● **What the task asks**:
The required output is a verbatim transcription of the listing, pictures excluded.
+++ Data shown +++
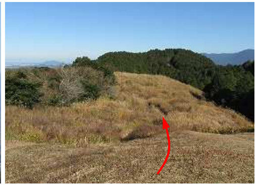
北へ延びる土塁線へ向かう。
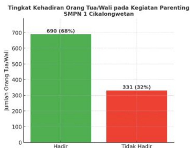
Gambar 1: tingkat kehadiran orangtua/wali

Berdasarkan data survei, tingkat kehadiran orang tua/wali pada kegiatan parenting di SMPN 1 Cicalongwetan mencapai 68% (690 orang) dari total 1.021 orang tua/wali, sementara 32% (331 orang) tidak hadir. Faktor ketidakhadiran didominasi oleh alasan bekerja dan sakit, diikuti kendala transportasi serta keperluan keluarga. Tingkat partisipasi ini dapat dikategorikan cukup tinggi, meskipun masih menyisakan tantangan untuk meningkatkan keterlibatan seluruh orang tua. Tingkat kehadiran orangtua/wali pada kegiatan parenting di SMPN 1 Cicalongwetan di sajikan pada Gambar 1 di bawah ini:
+++
● **Response for this exercise**:
北へ延びる土塁線へ向かう。
Gambar 1: tingkat kehadiran orangtua/wali

Berdasarkan data survei, tingkat kehadiran orang tua/wali pada kegiatan parenting di SMPN 1 Cicalongwetan mencapai 68% (690 orang) dari total 1.021 orang tua/wali, sementara 32% (331 orang) tidak hadir. Faktor ketidakhadiran didominasi oleh alasan bekerja dan sakit, diikuti kendala transportasi serta keperluan keluarga. Tingkat partisipasi ini dapat dikategorikan cukup tinggi, meskipun masih menyisakan tantangan untuk meningkatkan keterlibatan seluruh orang tua. Tingkat kehadiran orangtua/wali pada kegiatan parenting di SMPN 1 Cicalongwetan di sajikan pada Gambar 1 di bawah ini:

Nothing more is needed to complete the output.